Example 2.3: CEO Compensation and Stock Returns (Wooldridge, 2006)

Consider the following simple regression model: $$ \text{salary} = \beta_0 + \beta_1 \text{roe} + u $$ where salary is CEO compensation in thousands of dollars and roe is the return on equity, measured in percentage points.

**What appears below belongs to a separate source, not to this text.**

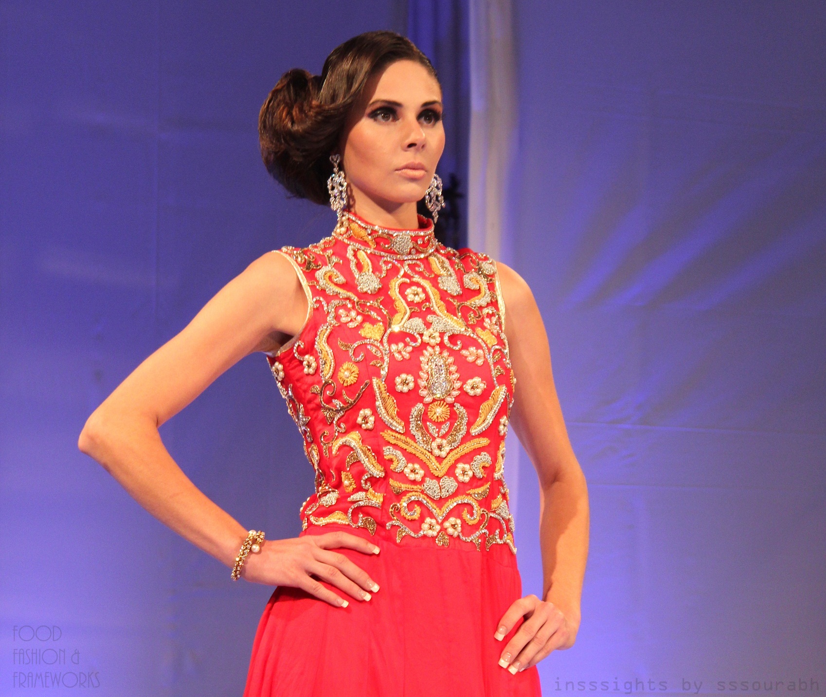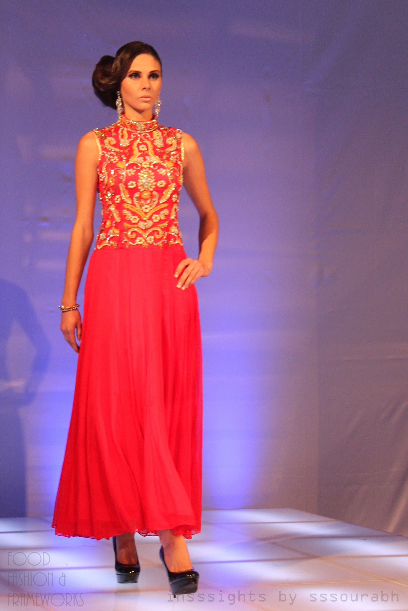 Priya Saluja’s opening act started with a lush coral (bordering on my favorite red) ankle length chiffon gown, embellished front and back with Northern Indian Punjabi bead work and sequins. A bit déjà vu but nonetheless refreshing when paired with chandelier earrings.

Estimating Simple Regression “By Hand”

# Load the dataset from the 'wooldridge' package
data(ceosal1, package="wooldridge")

attach(ceosal1) # avoids writing 'ceosal1$' before every variable

cov(salary, roe) # covariance between the dependent and independent variables

## [1] 1342.538

var(roe) # variance of the return on equity

## [1] 72.56499

mean(roe) # mean return on equity

## [1] 17.18421

mean(salary) # mean salary

## [1] 1281.12

# Compute the OLS coefficients "by hand"
( b1_hat = cov(salary, roe) / var(roe) ) # by (2.3)

## [1] 18.50119

( b0_hat = mean(salary) - var(roe)*mean(salary) ) # by (2.2)

## [1] -91683.31

detach(ceosal1) # stop looking for variables inside the 'ceosal1' object

We see that a one-percentage-point increase in return on equity (roe) is associated with an increase of about 18 thousand dollars in CEO compensation.

Estimating Simple Regression with `lm()`

A more convenient way to estimate an OLS model is to use the lm() function.
In a univariate model, we write the dependent and independent variables separated by a tilde (~):

lm(ceosal1$salary ~ ceosal1$roe)

## 
## Call:
## lm(formula = ceosal1$salary ~ ceosal1$roe)
## 
## Coefficients:
## (Intercept)  ceosal1$roe  
##       963.2         18.5

We can also omit the ceosal1$ prefix by supplying data = ceosal1.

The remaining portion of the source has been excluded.